The Covid-19 pandemic is no different. Lawyers have lined-up immediately to advise small businesses about their rights under the CARES Act. Informational sheets and FAQs have been prepared so that those impacted by the crisis have an outline of their rights as tenants, employees, employers, consumers, insurance policy owners, borrowers and taxpayers. The legal aid and pro bono communities have been engaged in around-the-clock discussions and planning so that those most in need have access to legal help, even in the absence of legal clinics and other face-to-face standard intake procedures.

But now, more than a month into an unprecedented quarantine environment, the long-view has come into focus. Health care professionals are saving lives, legal professionals are mapping ways to preserve lives. Lawsuits have been filed to address long-term issues that quickly are arising. People in detention centers, where social distancing is impossible, need protection. Prison inmates, particularly the elderly and medically vulnerable, must have their long-term safety assured. The aftermath of government loan and grant programs must be figured out. Under the Second Amendment, gun shops want to be deemed “essential services.” Under Roe v. Wade, some governors have banned reproductive rights services due to what they claim are Covid-19 inspired health concerns.

Litigation to come will frame the constitutional relationship between state governors and the federal government. Issues of pre-emption involving local, state and federal health, safety and lockdown rules will shape those relationships for a generation. Definitions of business interruption have to be established, price-gouging has to be addressed, fraudulent home testing for infection has to be rooted out. When eviction moratoriums eventually lift, housing courts will be overrun with landlord/tenant disputes. The re-opening of many of the nation’s immigration courts poses a quickly mounting potential backload of cases with which the legal community must grapple. The impact of massive unemployment, the growing demand for food assistance, threaten to tax policy makers, the courts and the lawyers who are there to help.      

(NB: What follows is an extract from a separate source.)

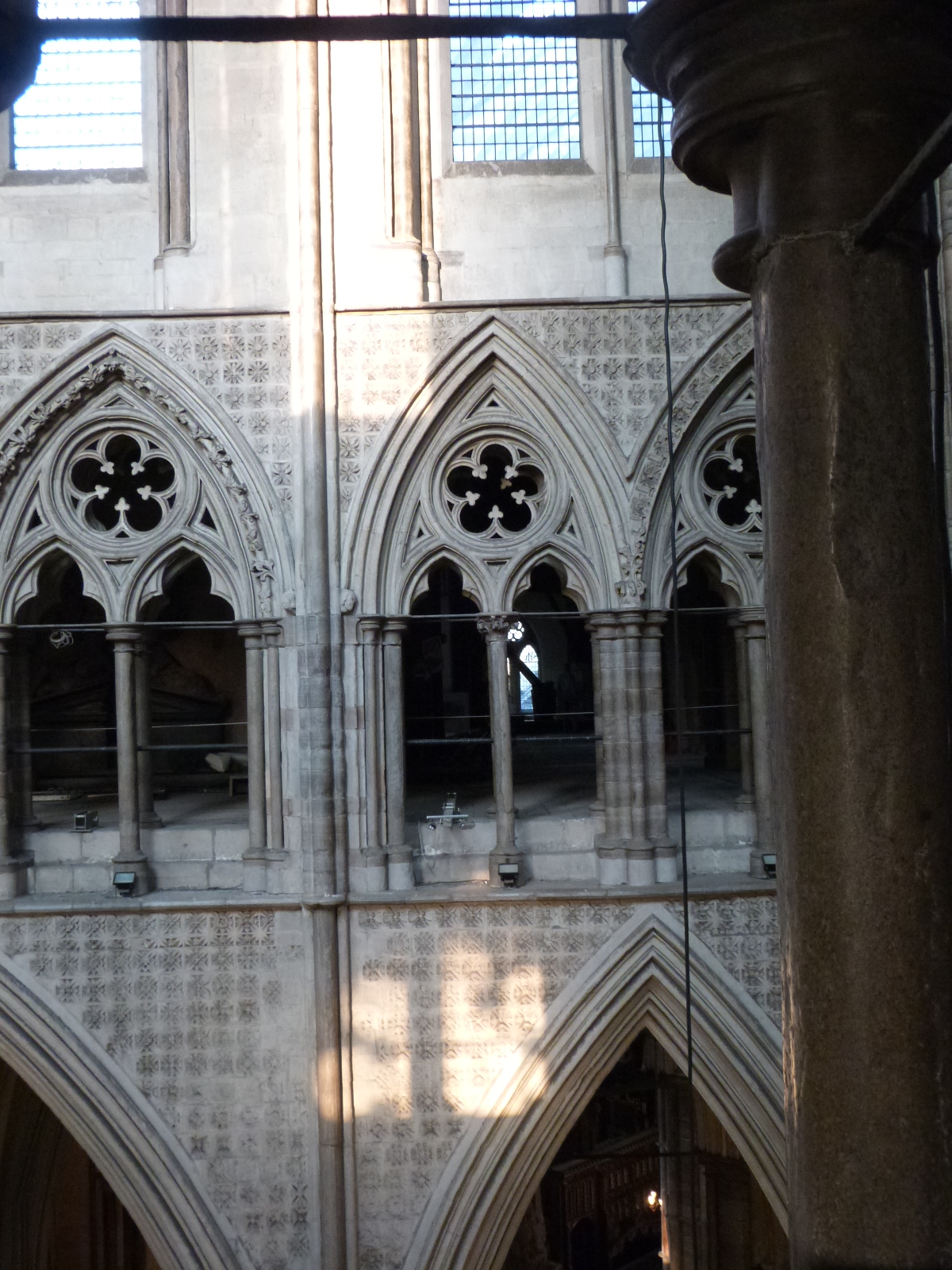 Westminster Abbey, detail of the arcade and gallery, showing diaper ornament. Notice that there’s no real system on whether they should go right up to both the shafts and the arcade arches or not.

With enduring hope, the immediate threat to lives will end. Left to sort out the next phase of a forever-changed society, legal aid and pro bono lawyers will be the lone soldiers in the battle to eradicate new and deeply embedded roads into poverty. We long have learned that such a war on poverty cannot be waged without the legal community. The Covid-19 worldwide health emergency creates new challenges, new threats to life and liberty that only lawyers and the justice system can address. As we have seen so many times in the past, the legal community will be there, for many years, fighting a fight that few may recognize but all should respect. So much is at stake. So much time is required. So many lawyers are needed. So much history gives us comfort that they will not let us down.

David A. Lash is the managing counsel for Pro Bono and Public Interest Services at O’Melveny & Myers LLP. The views expressed are his alone.